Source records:
┌──

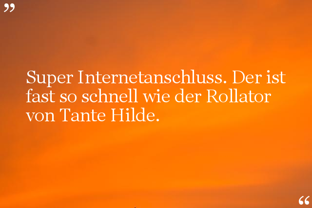 Super Internetanschluss. Der ist fast so schnell wie der Rollator von Tante Hilde.
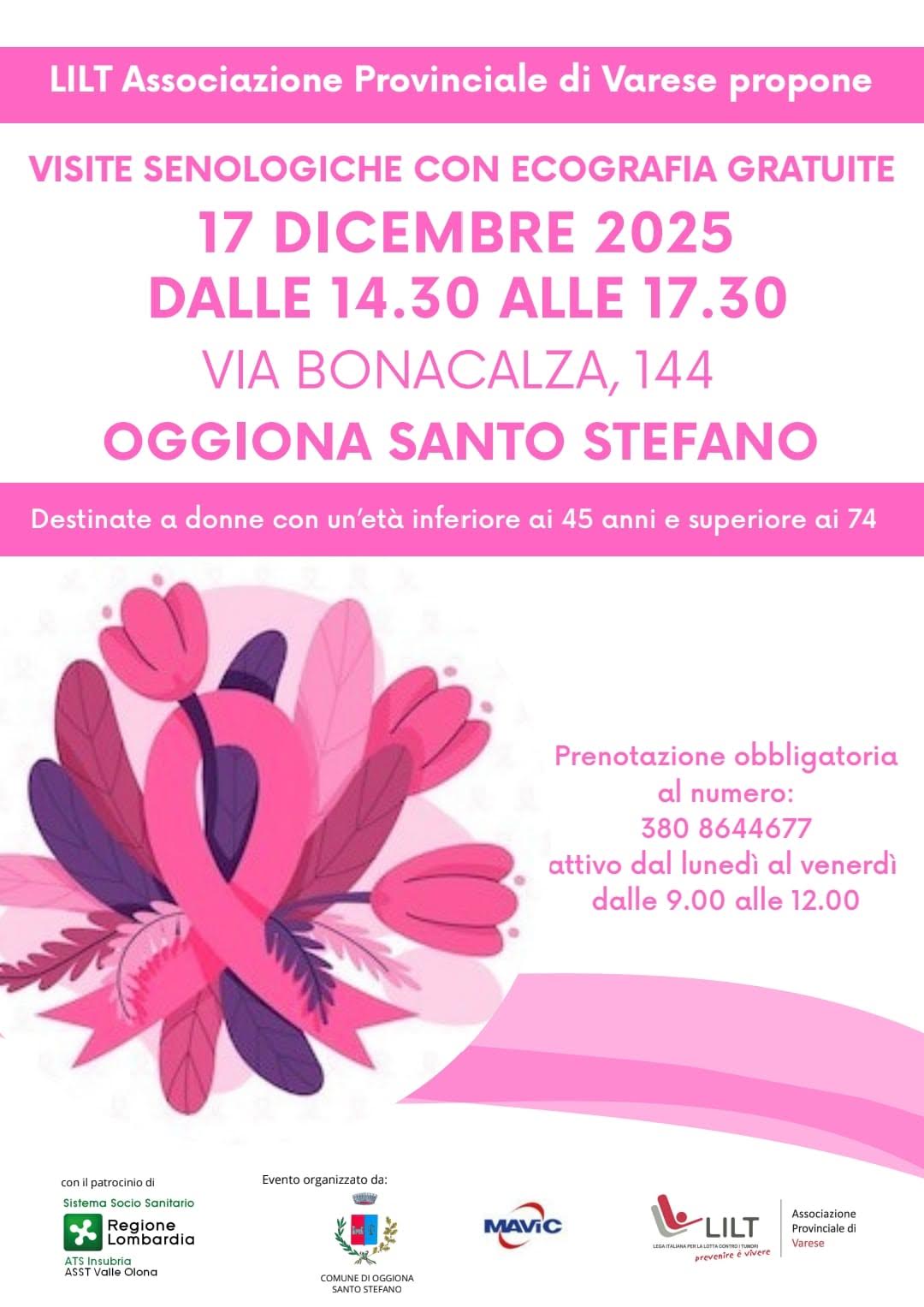 Il Comune di Oggiona con Santo Stefano, insieme alla LILT – Associazione Provinciale di Varese, organizza per mercoledì 17 dicembre 2025 un pomeriggio dedicato alla prevenzione senologica, offrendo visite con ecografia completamente gratuite
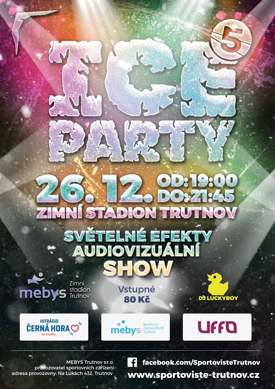 Stává se pomalu tradicí, že Vám o vánočních svátcích provozovatel sportovních zařízení přináší dárek v podobě audiovizuální show na zimním stadionu s DJ Lucky BOYem. Tak neváhejte a 26.12.2019 od 19:00 hod. si společně zatančíme na ledě. Jednotné vstupné pro všechny návštěvníky činí 80 Kč.
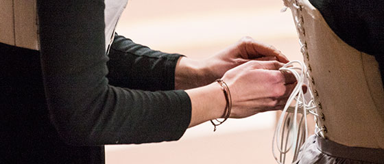 Two of the show's lead actresses, Rose Dolezal and Grace Moran, were enrolled in the Period Style Acting class while participating in the production. Taught by Elizabeth Carlin Metz, Smith V. Brand Endowed Chair in Theatre Arts, the class gave students the opportunity to put into practice what they were learning in the classroom. Below, the two actresses help each other with their corsets as they learn to move naturally in period costumes.
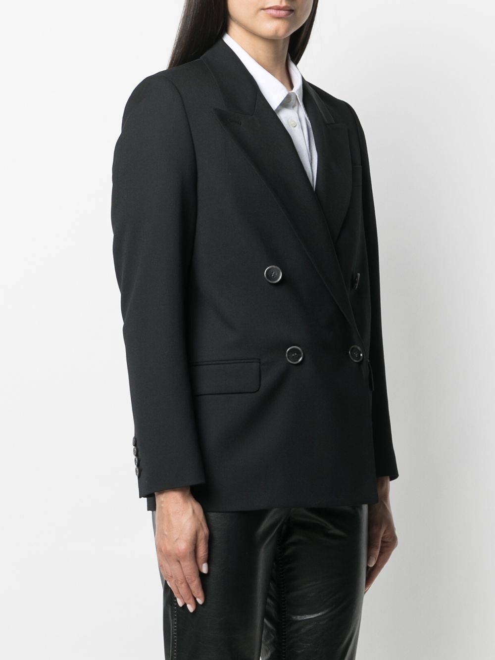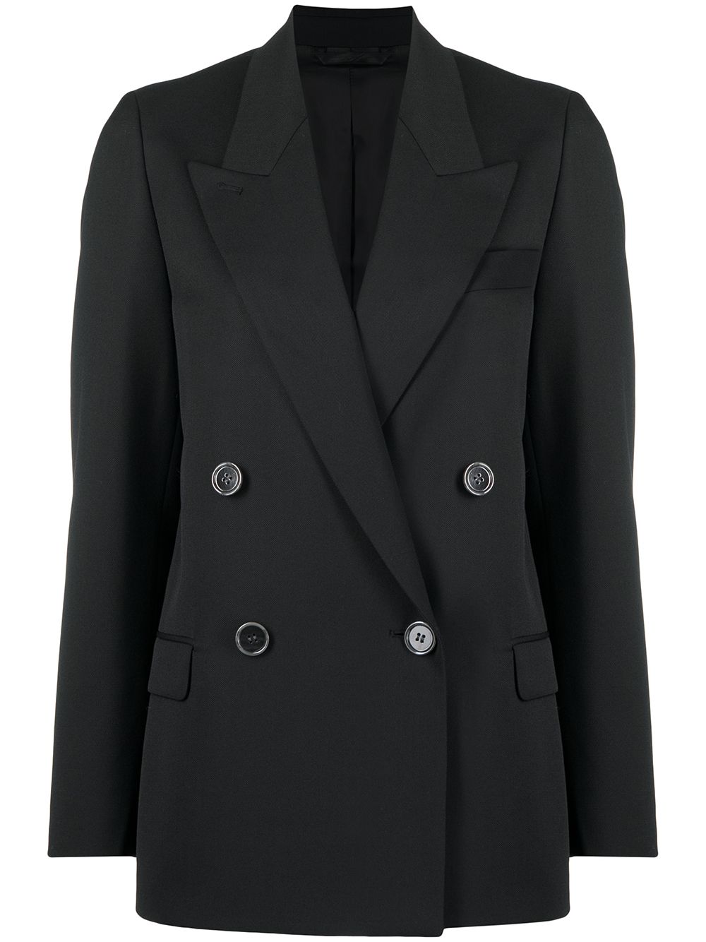 Introducing the Janny Light Jacket from Acne Studios. This black wool-blend suit jacket boasts a chic double-breasted design and stylish wide notch lapels. Complete with two front flap pockets, this jacket is both functional and fashionable. Upgrade your wardrobe with this versatile piece.
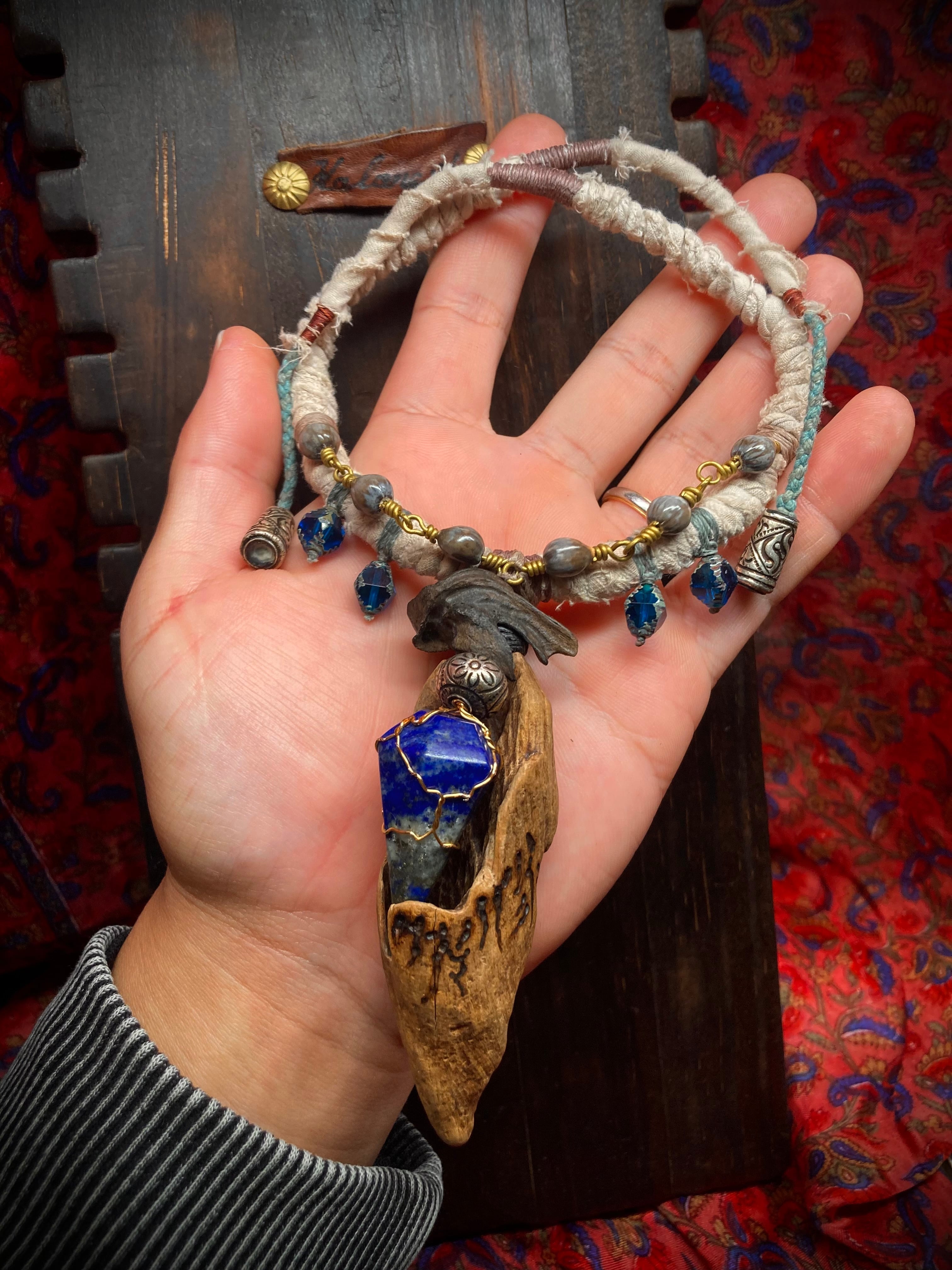 Along its surface, I’ve engraved markings using a pyrography pen—symbols resembling ancient letters, as though carved by claw.
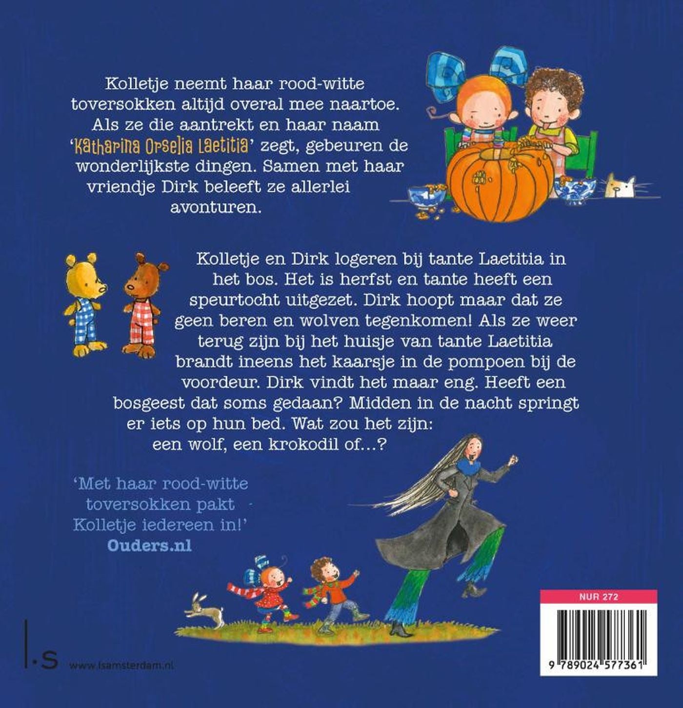 Kolletje en Dirk logeren bij tante Laetitia in het bos. Het is herfst en tante holt een pompoen uit en maakt pompoensoep met paddenstoelen. Als ze terugkomen van het paddenstoelen zoeken in het bos, brandt er een kaarsje in de uitgeholde pompoen. Hoe kan dat nou? Dirk vindt het maar eng. Tante Laetitia vertelt dat ze vroeger wel eens bang was voor monsters onder het bed. Ze weet ook een oplossing: heel snel je bed in springen, zodat het monster je niet kan grijpen. Als Kolletje en Dirk ’s nachts iets horen, is het geen bedmonster. Maar wat is het dan wel? Een wolf, een krokodil of...?
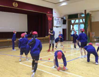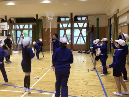 5月1日(水)、5・6年生は全校競遊の玉入れを講堂で行っていました。さすが、たくさん入ります。

└──

From the line containing "Along its surface, I’ve" to the final line of the entries, both included, transcribe every line exactly, omit the pictures, and add nothing more.

Exercise solution:
 Along its surface, I’ve engraved markings using a pyrography pen—symbols resembling ancient letters, as though carved by claw.
 Kolletje en Dirk logeren bij tante Laetitia in het bos. Het is herfst en tante holt een pompoen uit en maakt pompoensoep met paddenstoelen. Als ze terugkomen van het paddenstoelen zoeken in het bos, brandt er een kaarsje in de uitgeholde pompoen. Hoe kan dat nou? Dirk vindt het maar eng. Tante Laetitia vertelt dat ze vroeger wel eens bang was voor monsters onder het bed. Ze weet ook een oplossing: heel snel je bed in springen, zodat het monster je niet kan grijpen. Als Kolletje en Dirk ’s nachts iets horen, is het geen bedmonster. Maar wat is het dan wel? Een wolf, een krokodil of...?
 5月1日(水)、5・6年生は全校競遊の玉入れを講堂で行っていました。さすが、たくさん入ります。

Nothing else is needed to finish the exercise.